Naturalism is closely related to realism, so any modern-day example of naturalism should also be influenced by realism. A key point of naturalism is then that it pushes the realism to show nature as coldly indifferent to mankind. Nature and the universe exist, and man is forced to struggle against their relentless, uncaring onslaught. Furthermore, nature is sometimes shown as a force that is simply waiting for human characters to make that one mistake that will cost them their lives.
Readers can easily see these themes in both "The Open Boat" and "To Build a Fire." The men in the boat struggle and struggle for hours on end, hoping against all hope that a break in the weather will allow them to safely get to shore.
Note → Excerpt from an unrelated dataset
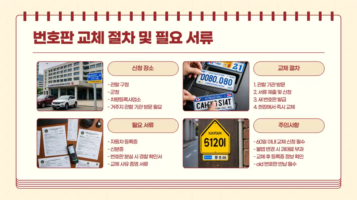 번호판 교체를 희망하는 경우, 다음과 같은 절차와 서류를 준비하여 관할 구청, 군청 또는 차량등록사업소를 방문해야 합니다.

They take their final risk, and nature casually kills, with no care about how hard the men previously worked. The man in "To Build a Fire" is in a similar situation. He is able to keep nature at bay as long as he can start his fires, but nature deals him the ultimate punishment when his final fire is poorly placed.
The best modern day example that I can think of for displaying elements of naturalism is Andy Weir's book The Martian. It was made into a movie, but the movie doesn't quite convey Mars's onslaught against Mark Watney. The book was heralded as ground breaking because of how Weir wrote with intense realism, despite the genre being science fiction. Weir had Watney working with existing technologies, so that is where the realism comes into play; however, it is the fact that the entire story is about Watney's struggle to survive on an entirely hostile planet that shows readers elements of naturalism. Mars is in wait the entire time for Watney to make a critical mistake like that of the man from "To Build a Fire." Mars is definitely an antagonist in the book, but it is a difficult "bad guy" to hate, because deep down, readers know that Mars doesn't care either way about Watney, his survival efforts, and his desire to survive. That's naturalism.